Niger
Des coups de feu ont été entendus dans la nuit près d'une base militaire située à l'aéroport international de Niamey, la capitale du Niger, qui avait déjà été attaquée à deux reprises cette année par des djihadistes, ont déclaré samedi des habitants à l'AFP.
Le Niger est dirigé depuis trois ans par des autorités militaires qui peinent à endiguer la violence djihadiste, qui ravage le pays depuis près d'une décennie.
« Il y a de violents échanges de tirs et des explosions à la Base 101 à Niamey », a déclaré un habitant à l'agence de presse, un témoignage confirmé par plusieurs autres témoins.
Plusieurs publications sur les réseaux sociaux ont également fait état de tirs et d’explosions dans la ville, notamment dans le quartier administratif où se trouvent le palais présidentiel et la chaîne de télévision nationale.
Des vidéos mises en ligne montraient des véhicules blindés déployés pour renforcer la sécurité dans le quartier proche de l’aéroport.
L’origine des tirs reste inconnue, et aucun communiqué officiel n’a encore été publié.

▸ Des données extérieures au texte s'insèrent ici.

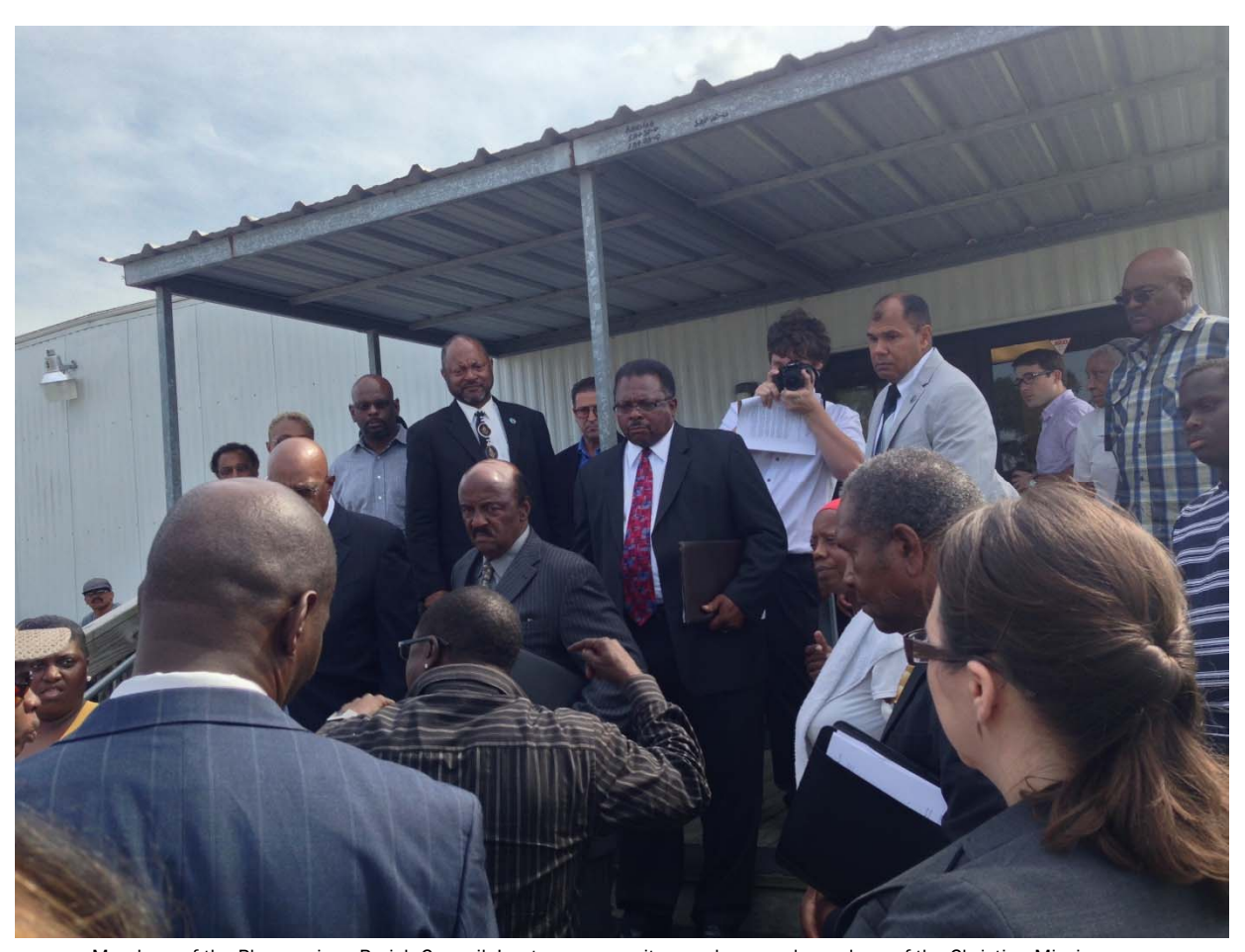
Members of the Plaquemines Parish Council, Ironton community members, and members of the Christian Missionary Baptist Ministers Association gather on the steps of the Plaquemines Parish Courthouse.

Court requires EPA to determine whether numeric nutrient standards are necessary to meet Clean Water Act requirements: On September 20, 2013, a district court granted the plaintiffs summary judgment in Gulf Restoration Network et al. v. Jackson, No. 12-cv-677 (E.D. La.) (2013 WL 5328547). The plaintiffs challenged EPA's denial of a petition for rulemaking to establish numeric standards to abate water quality degradation, including the massive low-oxygen "dead zone" in the Gulf of Mexico. EPA had denied the petition without determining whether numeric standards were necessary. The court remanded the decision to EPA, requiring a response within 180 days. TELC was part of a legal team on this case led by the Natural Resources Defense Council.

L’aéroport de Niamey a été pris pour cible à deux reprises cette année par des djihadistes, d’abord par l’État islamique au Sahel (EIS) en janvier, puis à nouveau fin juin par leurs rivaux du Groupe de soutien à l’islam et aux musulmans (JNIM), la branche sahelienne d’Al-Qaïda. Ces groupes djihadistes rivaux ne visent pas seulement les civils et les militaires, mais se livrent également une lutte acharnée pour la suprématie au Sahel, et en particulier au Niger.
Vingt assaillants ont été tués et quatre soldats blessés lors de l'attaque de janvier, avaient alors indiqué les autorités. Le général Abdourahamane Tiani, a évoqué en janvier «une faille dans le système» qui «a permis l’attaque», dont «l’objectif était de détruire l’ensemble des capacités aériennes» de l’armée.
En juin, au moins 11 soldats et deux civils ont été tués, ainsi que 22 assaillants, selon le ministère de la Défense. Ces deux attaques ont été repoussées par l’armée. L**’EIS et le JNIM sont également actifs au Burkina Faso et au Mali voisins, deux pays alliés du Niger et dirigés par des juntes militaires qui ont pris le pouvoir à la suite de coups d’État.**
Les trois pays ont quitté la Communauté économique des États de l'Afrique de l'Ouest (CEDEAO), ont tourné le dos à leurs partenaires occidentaux traditionnels dans la lutte contre la violence djihadiste, notamment la France, et ont cherché à resserrer leurs liens avec la Russie — sans toutefois parvenir à rétablir la sécurité.